• Information shown
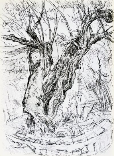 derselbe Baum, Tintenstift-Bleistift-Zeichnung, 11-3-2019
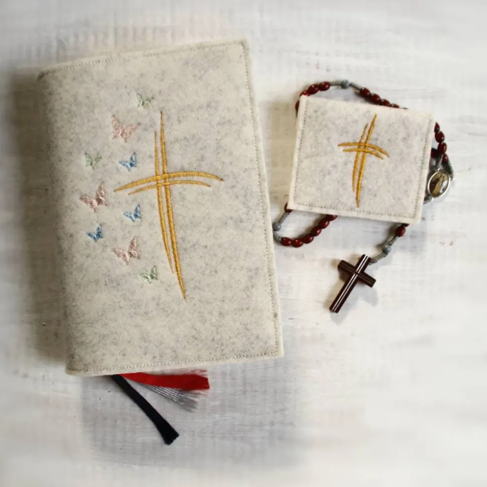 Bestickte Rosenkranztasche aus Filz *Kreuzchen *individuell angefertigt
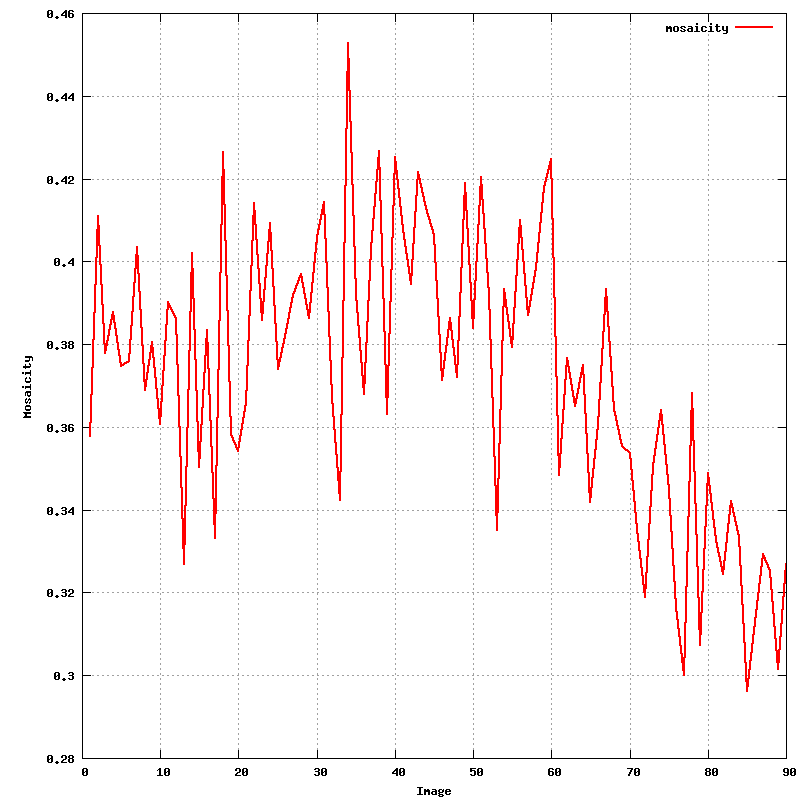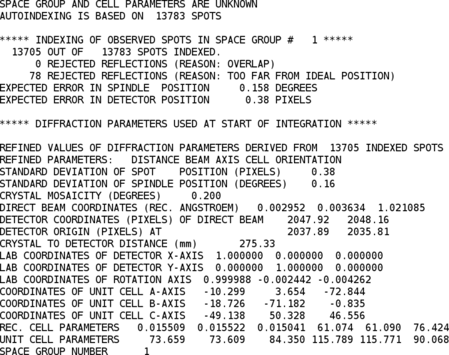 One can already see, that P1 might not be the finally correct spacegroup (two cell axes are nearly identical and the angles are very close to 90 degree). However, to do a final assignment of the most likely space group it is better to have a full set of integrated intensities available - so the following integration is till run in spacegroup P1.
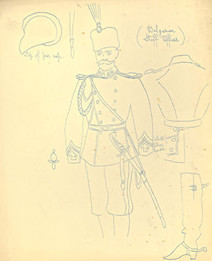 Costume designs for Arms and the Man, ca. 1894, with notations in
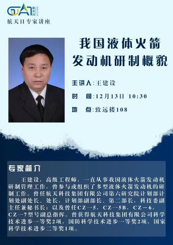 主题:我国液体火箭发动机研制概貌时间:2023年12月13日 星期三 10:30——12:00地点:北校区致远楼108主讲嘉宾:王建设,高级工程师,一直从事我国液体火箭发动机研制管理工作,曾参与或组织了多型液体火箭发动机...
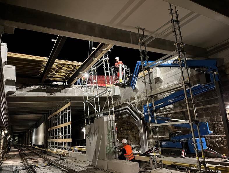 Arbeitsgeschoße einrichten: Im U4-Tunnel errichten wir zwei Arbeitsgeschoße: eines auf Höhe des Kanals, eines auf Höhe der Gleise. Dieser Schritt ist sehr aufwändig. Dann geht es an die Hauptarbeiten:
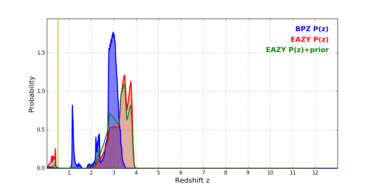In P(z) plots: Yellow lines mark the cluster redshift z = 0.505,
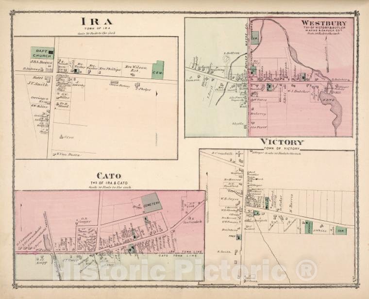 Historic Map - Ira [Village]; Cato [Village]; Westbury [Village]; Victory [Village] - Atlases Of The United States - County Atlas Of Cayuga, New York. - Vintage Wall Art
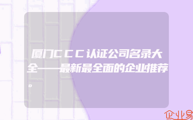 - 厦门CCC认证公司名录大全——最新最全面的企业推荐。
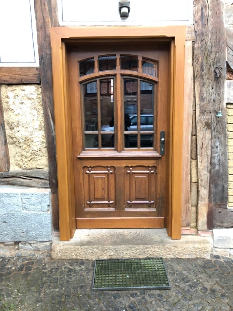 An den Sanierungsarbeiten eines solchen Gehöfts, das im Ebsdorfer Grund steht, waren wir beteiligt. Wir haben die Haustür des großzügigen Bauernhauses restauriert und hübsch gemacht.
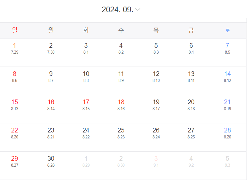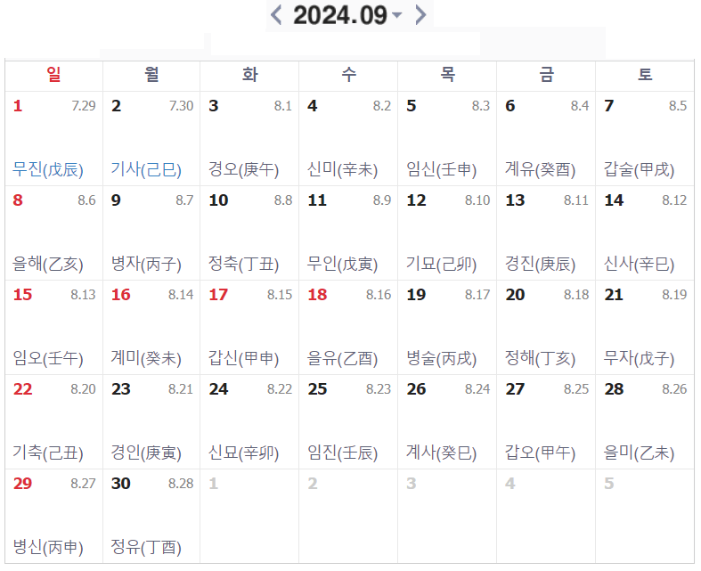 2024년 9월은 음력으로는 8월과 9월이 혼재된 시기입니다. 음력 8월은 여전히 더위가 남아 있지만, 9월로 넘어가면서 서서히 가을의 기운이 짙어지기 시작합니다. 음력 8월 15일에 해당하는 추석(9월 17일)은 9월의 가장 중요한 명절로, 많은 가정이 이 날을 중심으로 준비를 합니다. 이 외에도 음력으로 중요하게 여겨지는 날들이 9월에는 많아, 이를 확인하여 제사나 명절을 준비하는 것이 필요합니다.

• About this exercise
Please return the material above unchanged, with every picture removed.

• Answer section
 derselbe Baum, Tintenstift-Bleistift-Zeichnung, 11-3-2019
 Bestickte Rosenkranztasche aus Filz *Kreuzchen *individuell angefertigt
 One can already see, that P1 might not be the finally correct spacegroup (two cell axes are nearly identical and the angles are very close to 90 degree). However, to do a final assignment of the most likely space group it is better to have a full set of integrated intensities available - so the following integration is till run in spacegroup P1.
 Costume designs for Arms and the Man, ca. 1894, with notations in
 主题:我国液体火箭发动机研制概貌时间:2023年12月13日 星期三 10:30——12:00地点:北校区致远楼108主讲嘉宾:王建设,高级工程师,一直从事我国液体火箭发动机研制管理工作,曾参与或组织了多型液体火箭发动机...
 Arbeitsgeschoße einrichten: Im U4-Tunnel errichten wir zwei Arbeitsgeschoße: eines auf Höhe des Kanals, eines auf Höhe der Gleise. Dieser Schritt ist sehr aufwändig. Dann geht es an die Hauptarbeiten:
In P(z) plots: Yellow lines mark the cluster redshift z = 0.505,
 Historic Map - Ira [Village]; Cato [Village]; Westbury [Village]; Victory [Village] - Atlases Of The United States - County Atlas Of Cayuga, New York. - Vintage Wall Art
 - 厦门CCC认证公司名录大全——最新最全面的企业推荐。
 An den Sanierungsarbeiten eines solchen Gehöfts, das im Ebsdorfer Grund steht, waren wir beteiligt. Wir haben die Haustür des großzügigen Bauernhauses restauriert und hübsch gemacht.
 2024년 9월은 음력으로는 8월과 9월이 혼재된 시기입니다. 음력 8월은 여전히 더위가 남아 있지만, 9월로 넘어가면서 서서히 가을의 기운이 짙어지기 시작합니다. 음력 8월 15일에 해당하는 추석(9월 17일)은 9월의 가장 중요한 명절로, 많은 가정이 이 날을 중심으로 준비를 합니다. 이 외에도 음력으로 중요하게 여겨지는 날들이 9월에는 많아, 이를 확인하여 제사나 명절을 준비하는 것이 필요합니다.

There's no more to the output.